Anyway, back to the trip up north. Jeremy and I checked into the Moore Hotel in Seattle and decided it’s the perfect place to be a world weary burnt-out jazz musician who likes to sit on his window sill and jam.



The place was seriously urban seedy and had a great Barton Fink hallway, where you could faintly hear a band that sounded like Crime and City Solution rehearsing nearbye.



All this glamour was wasted on me cause I sat in bed watching Seinfeld reruns and mused on Jami’s obsession about watching familiar reruns in different cities.
Eventually, we consulted my notes and headed out to a bar called The Jade Pagoda, which seemed walkable from the map. Our hotel was pretty centrally downtown, but once you walk a couple of blocks it quickly got desserted and scary.
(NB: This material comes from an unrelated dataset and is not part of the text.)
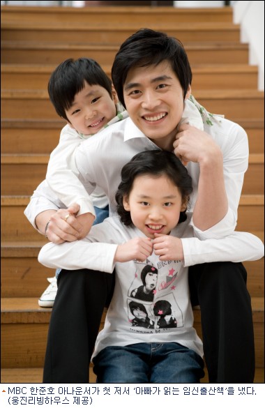 한 아나운서는 최근 첫 저서 ‘아빠가 읽는 임신출산책’(웅진리빙하우스)을 냈다. ‘MBC 한준호 아나운서의 임신출산육아노트’라는 부제가 붙은 이 책에 대해 그는 “결혼생활 11년, 육아 경력 10년차인 남자가 자신의 인생에서 가장 소중한 부분을 담아 인생에서 가장 스펙터클한 순간을 맞이할 예비 아빠들에게 전하는 오답노트 같은 책”이라고 설명했다.

Whenever I feel iffy about a new town and wondering about the benefit of the doubt, I imagine what it would be like if I was having this issue in New Orleans. In which case, I panic and flee. So we got a taxi and gave the dude the exact address and cross street of where we were going, though he ended up dropping us off about two miles away (we later learned) in a front of a building labled ‘Gay City’ and the driver said ‘You’ll like it here.’ Gulp. We tried to walk the rest of the way, but it was really confusing. Seattle streets are all NW, SW, etc, with the exception that the city is this insane patchwork of streets, all severely uphill, all freeways. Some local toughs told me I looked like the Verizon can-you-hear-me-now guy (teased on the street! that never happened in Brooklyn! worst part is I think Jeremy kind of agreed with them and was all ‘hey, wait up, I want to join your gang’). At which point, we took another cab ride back to the hotel where Jeremy tried to pick a fight with the cabbie about how much he hated Seattle, though the guy was refusing to take the bait.
Ironically, everyone we talked to on this trip had disparaging things to say about Portland, which made me very homesick.


Anyway, I ended up eating dinner at this empty bar which was right next to
the hotel which seemed uber hipster and reminded me of Barmacy, but I guess it really was just a dive cause they had ‘Redneck Woman’ on the jukebox.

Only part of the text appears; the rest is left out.